There were three of us in the smoke-room of the ship – me, my very good friend, and, in the opposite corner, a shy man, the editor, as we knew out later, of a New York Sunday paper.
My friend and I were talking about habits, good and bad.
“After the first few months,” my friend said, “it is as easy to be a saint as to be a sinner; it becomes a habit.”
“I know,” I interrupted, “it is as easy to jump out of bed early in the morning as to say 'All Right,' and turn over for another five minutes of sleep, when you have got the habit. Not to swear is as easy as to swear, if you make a custom of it. A piece of bread and water is as delicious as champagne, when you got used to its taste. It is only a question of making your choice and getting used it.”
He agreed with me.
“Now take one of my cigars,” he said, pushing his open cigar case to me.
“Thank you,” I replied quickly, “I'm not smoking during this trip.”
“Don't be afraid,” he answered, “It was just an argument. One of these cigars would make you ill for a week.”
I agreed.
“Very well,” he continued. “As you know, I smoke them all day long, and enjoy them. Why? Because that is my habit. Many years ago, when I was a young man, I smoked very expensive Havanas. It was necessary for me to buy cheaper tobacco. I was living in Belgium and one friend showed me these. I don't know what they are made of – probably cabbage leaves soaked in guano[1]; they tasted to me like that at first – but they were cheap, they cost me three a penny. I decided to like them, and started with one a day. It was terrible work, I admit, but as I said to myself, nothing could be worse than the Havanas themselves in the beginning. Before the end of the month I could think of them without disgust, at the end of second I could smoke them without discomfort. Now I prefer them to any other brand on the market.”
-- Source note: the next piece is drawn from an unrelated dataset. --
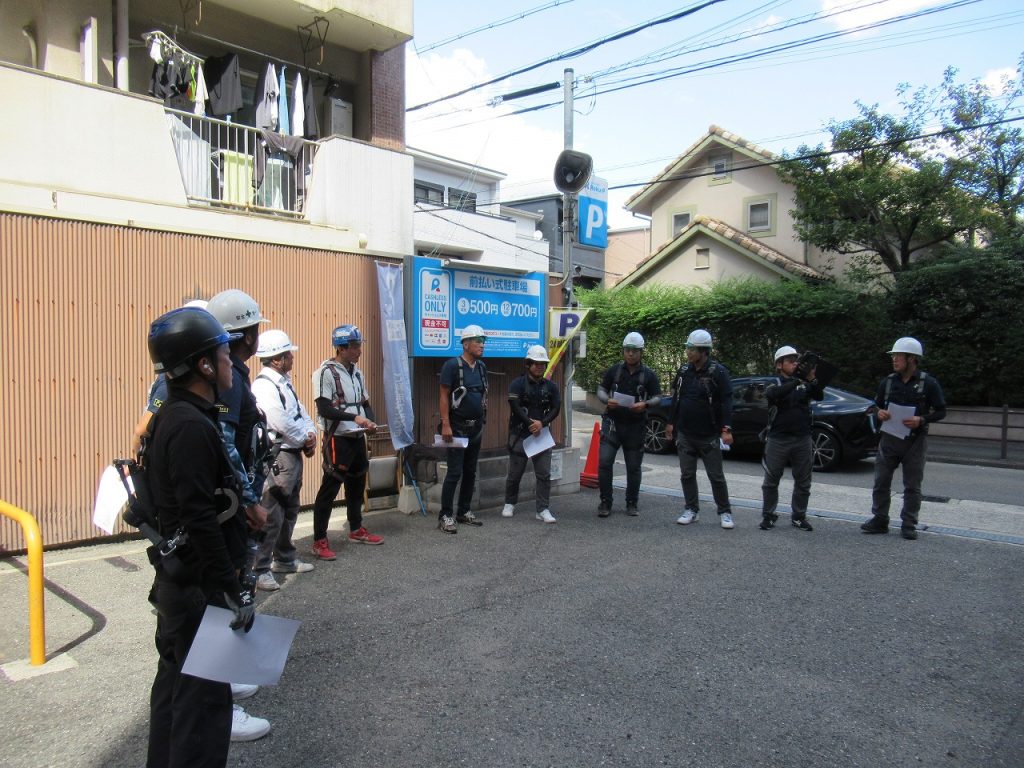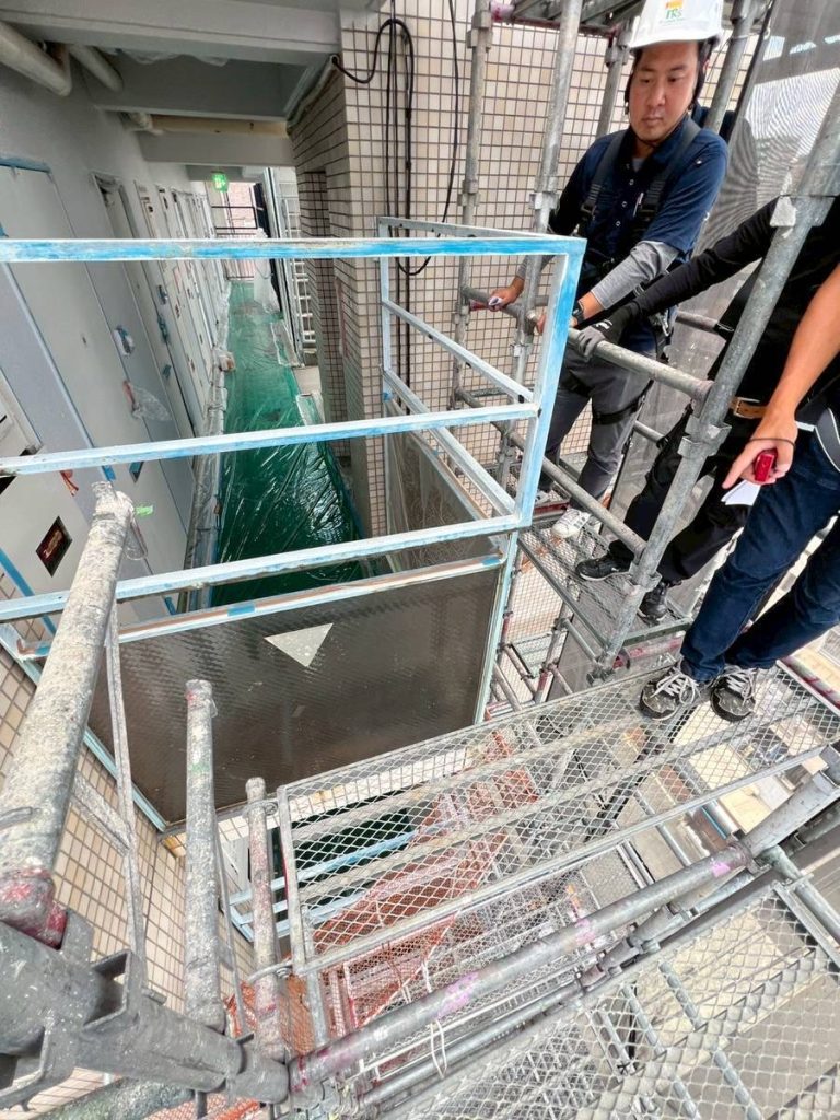 足場業者2名と共に安全パトロールを実施しました。

He leant back and puffed great clouds into the air, filled the small room with a terrible smell.
“Then again,” he continued after a pause, “Take my wine. No, you don't like it.” (my face betrayed me.) “Nobody does, no one I have ever met. Three years ago, when I lived in Hammersmith, we caught two thieves with it. They opened the cupboard, and drank five bottles of it. A policeman found them later, sitting on a doorstep a hundred yards from my house. They were too ill and went to the police station like lambs, because he promised to send the doctor to them the moment they were safe in the cells. Since then I leave a bottle on the table every night.
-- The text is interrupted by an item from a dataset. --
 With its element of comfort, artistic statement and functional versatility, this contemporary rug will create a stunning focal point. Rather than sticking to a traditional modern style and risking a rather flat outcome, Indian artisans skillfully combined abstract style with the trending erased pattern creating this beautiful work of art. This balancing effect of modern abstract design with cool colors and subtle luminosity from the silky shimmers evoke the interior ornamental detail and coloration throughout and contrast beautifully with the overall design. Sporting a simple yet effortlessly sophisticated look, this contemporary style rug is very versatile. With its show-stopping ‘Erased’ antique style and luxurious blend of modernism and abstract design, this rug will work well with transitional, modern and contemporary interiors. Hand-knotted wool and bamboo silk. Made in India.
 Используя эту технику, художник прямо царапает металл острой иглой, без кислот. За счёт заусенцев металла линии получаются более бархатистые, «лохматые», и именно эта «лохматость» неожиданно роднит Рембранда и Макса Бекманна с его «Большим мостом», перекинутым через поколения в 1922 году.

Well, I like that wine. I drink several glasses, and I feel like I'm a new man. I took it for the same reason that I took the cigars – it was cheap. It is sent from Geneva, and it costs me six shillings a dozen of bottles. How they do it I don't know. I don't want to know.
“I knew one man,” my friend continued, “All day long his wife talked to him, or at him, or of him, and at night he fell asleep to the rising and falling rhythm of what she thought about him. At last she died, and his friends congratulated him, they thought that now he would enjoy peace. But it was the peace of the desert, and the man did not enjoy it. For twenty-two years her voice had filled the house, penetrated through the conservatory, and floated into the garden.